The filtered reads were then aligned to the GRCh38 reference genome using the BWA-MEM v0.7.12 aligner53,54, generating SAM files. These files were sorted by genomic position using SAMtools v1.755 and then marked for duplicates using Picard-tools MarkDuplicates v2.27.3 (broadinstitute.github.io/picard/). The resulting SAM files were converted into BAM files using SAMtools and processed using the RealignerTargetCreator from GATK to create a target interval file for IndelRealigner (GATK), which directs the local realignment of reads. This realignment was performed to correct misalignments caused by indels.

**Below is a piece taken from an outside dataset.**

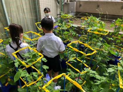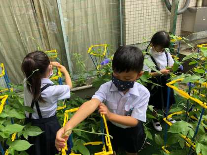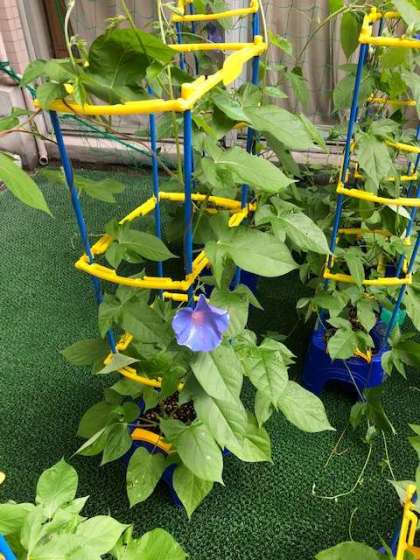 1年生が生活科の学習で育てているあさがおがたくさん花を咲かせています。「つるがすごくのびてきた!毎日、お世話をしっかりしなきゃ」「今日もまた、新しい色のあさがおがさいた!」と毎日しっかりお世話・観察を続けています。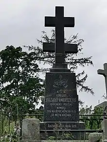 In 1905, Ambraziejus established and edited the illustrated magazine Lietuvos bitininkas (Lithuanian Beekeeper). After 12 issues, the magazine was reorganized into a Catholic journal for farmers Šviesa (light) with a weekly supplement Šviesos laiškelis (Newspaper of Šviesa).[4] The publication was supported by donations from Lithuanian Americans.[2] Though the publications were intended for former, Ambraziejus published many articles on the issues of the Lithuanian language in the Diocese of Vilnius (it became the official publication of the Union for the Return of the Lithuanian Language Rights in Lithuanian Churches in 1907).[2] The magazine also raised the idea of purchasing Verkiai Manor (priced at 800,000 rubles) and turning into a campus for various Lithuanian agricultural and craft schools. However, this idea did not become popular and readership of Šviesa continued to decline.[1] It was discontinued after 56 issues in 1908.[4] Feeling misunderstood and disappointed with the Lithuanian public, Ambraziejus retired from public life.[1] He was stubborn and abrasive which made him unpopular.[9] With the funds raised for the Verkiai Manor (about 50,000 rubles) he purchased a house in Užupis district of Vilnius and established a shelter for the city's poor. He died in obscurity on 27 June 1915.[1]

The next step involved using BaseRecalibrator (GATK) to identify systematic errors in base quality scores exported by the sequencer, calculating a recalibration model to appropriately adjust these scores. After processing, the BAM files were input into DeepVariant for variant calling, resulting in the generation of VCF files.
We used DeepVariant v1.15.0 with the publicly available Whole Exome Sequencing (WES) model to perform single-sample variant calling. A single-line command to run DeepVariant on each sample, using a pre-built Docker container, is available in the public DeepVariant repository (https://github.com/google/deepvariant). The variant calls made by DeepVariant followed standard single-sample variant calling methods56, using sequence reads aligned to a reference genome to identify and genotype positions that differ from the reference. Throughout the study, we used the human GRCh38 reference genome without ALT contigs.
The variants in the VCF files were annotated using SnpEff v5.1 and dbNSFP v4.2 to assess the impact and predict the function of the variants. Additionally, we used ClinVar57to identify associations with known diseases and determine the clinical relevance of the variants, while ExAC and gnomAD58,59 were used to provide allele frequency annotations.
Damaging variants were classified according to the following computer prediction algorithms: Functional Analysis through Hidden Markov Models (FATHMM)60, MutationAssessor61, MutationTaster62, Sort Intolerant from tolerant (SIFT)63, MetaSVM64 and PROVEAN65. The ClinVar database was also used for this classification57. A report of WES statistics is available in Supplementary File.
Data merging
Due to our higher missing data rate, we performed the following vcftools filters: --missing-site and --missing-indv lower than 10%. After quality control of reads, we merged our population data of 124 newly sequenced samples with previously published population dataset by 1,000 Genomes and HGDP projects, summing up to 4,281 individuals. Quality control of these data was performed using BCFTools v1.4, VCFTools v0.1.13 e PLINK v1.90b6.15 softwares with the variant filtering conditions -maf: 0.05, -hwe: 0.0001, -mind: 0.1, and -geno: 0.01. Variants and individuals with missing data above 0.1 were excluded. Therefore, in addition to quality control of variants, we chose the closest individuals that compose the Brazilian admixture, due to its influence on Brazilian colonization (Iberian − 1kG, Yoruba − 1kG and Native Americans - HGDP), obtaining a dataset containing 527 individuals with 2,172 SNPs to perform the following population genetic analysis.
Population structure
To further explore the ancestry composition and genetic similarity of our studied group, we carried out model-based clustering analysis using ADMIXTURE 1.2 and Eigenstrat v8.0 softwares. For Admixture analysis, we did an unsupervised ADMIXTURE approach (Supplementary Fig. 1), in which allele frequencies for unadmixed ancestral populations are unknown and are computed during the analysis with the populations from datasets 1,000 Genomes (1kG), HGDP and our samples (patients with COVID-19), varying the number of ancestral populations between K = 2 and K = 16; and a supervised approach with tri-hybrid model with the populations: Iberian (IBS − 1kG), Yoruba (YRI/AFR − 1kG) and Indigenous of America (AMI - HGDP).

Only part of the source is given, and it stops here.